• **BRIEF**
Leave the images aside and repeat the whole listing exactly.

• **DATASET CONTENT**
________________

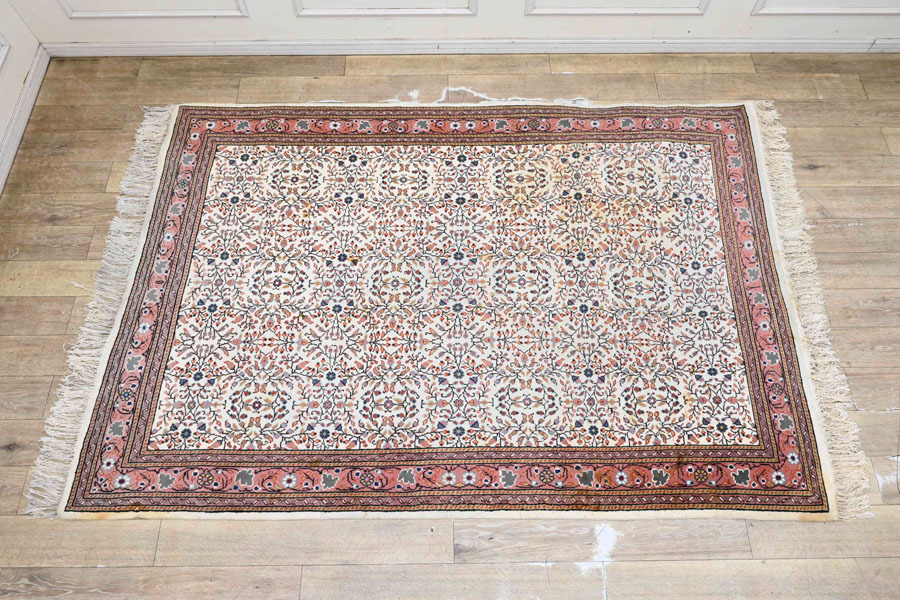 ----------------------------------------------------------------------------------------- ●送料や注意事項は必ずご確認下さい。落札後にトラブルになるケースが増えております。● ◆コンディションは写真・文章にて記載して有りますが、全てのキズの写真は掲載致しておりません。大きなダメージを除き見落とし、記載漏れが有る事はご了承下さい。 ◆当サイトにて出品する商品は多種多彩で、当方商品知識の無い物も多数ありますので落札後の質問やメンテナンス等にはお答えできません。 ◆入札された時点で、画像、文章をご理解していただいたものと判断させていただきます。不明な点は前もってQ&Aからお願い致します。入札後の質問やお電話等でのキャンセルは一切受け付け致しません。 ◆商品説明に「ノークレーム」と記載しているものに関しては、如何なる状況で届いても保証致しません。詳しくは注意事項の「商品到着後について」の最後に記載しておりますのでご確認下さい。 ---------------------------------------------------------------------------------------- 中古品ですのでキズ、ヨゴレ、房切れ、チリ、髪の毛残り等有ります。 中古品ですのでこちらのお品はノークレームノーリターンでの出品となります。 クリーニング推奨です。 幅270x167.5cm | ||
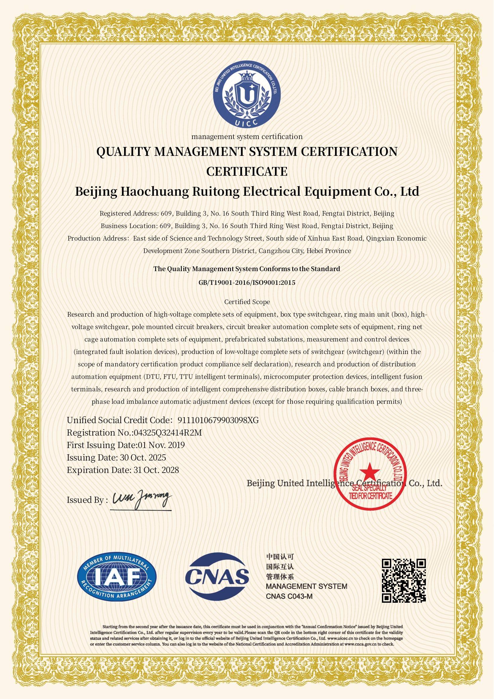 昊创瑞通不仅是国家级专精特新“小巨人”企业、国家级高新技术企业,还荣膺中关村高新技术企业、北京民营企业中小百强等多项殊荣。公司积极参与行业标准建设,担任全国低压成套开关设备和控制设备标准化技术委员会委员单位,并被认定为电器工业标准化示范企业,彰显了在行业内的技术引领与规范制定能力。
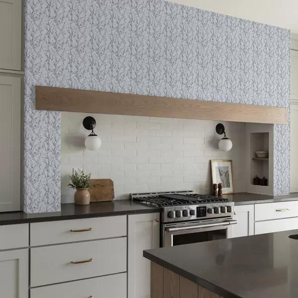 Tapet Flori de cireș albastru pe un fundal alb cu contrast moale Nr. a00399

________________

• **FINISHED EXERCISE**
 ----------------------------------------------------------------------------------------- ●送料や注意事項は必ずご確認下さい。落札後にトラブルになるケースが増えております。● ◆コンディションは写真・文章にて記載して有りますが、全てのキズの写真は掲載致しておりません。大きなダメージを除き見落とし、記載漏れが有る事はご了承下さい。 ◆当サイトにて出品する商品は多種多彩で、当方商品知識の無い物も多数ありますので落札後の質問やメンテナンス等にはお答えできません。 ◆入札された時点で、画像、文章をご理解していただいたものと判断させていただきます。不明な点は前もってQ&Aからお願い致します。入札後の質問やお電話等でのキャンセルは一切受け付け致しません。 ◆商品説明に「ノークレーム」と記載しているものに関しては、如何なる状況で届いても保証致しません。詳しくは注意事項の「商品到着後について」の最後に記載しておりますのでご確認下さい。 ---------------------------------------------------------------------------------------- 中古品ですのでキズ、ヨゴレ、房切れ、チリ、髪の毛残り等有ります。 中古品ですのでこちらのお品はノークレームノーリターンでの出品となります。 クリーニング推奨です。 幅270x167.5cm | ||
 昊创瑞通不仅是国家级专精特新“小巨人”企业、国家级高新技术企业,还荣膺中关村高新技术企业、北京民营企业中小百强等多项殊荣。公司积极参与行业标准建设,担任全国低压成套开关设备和控制设备标准化技术委员会委员单位,并被认定为电器工业标准化示范企业,彰显了在行业内的技术引领与规范制定能力。
 Tapet Flori de cireș albastru pe un fundal alb cu contrast moale Nr. a00399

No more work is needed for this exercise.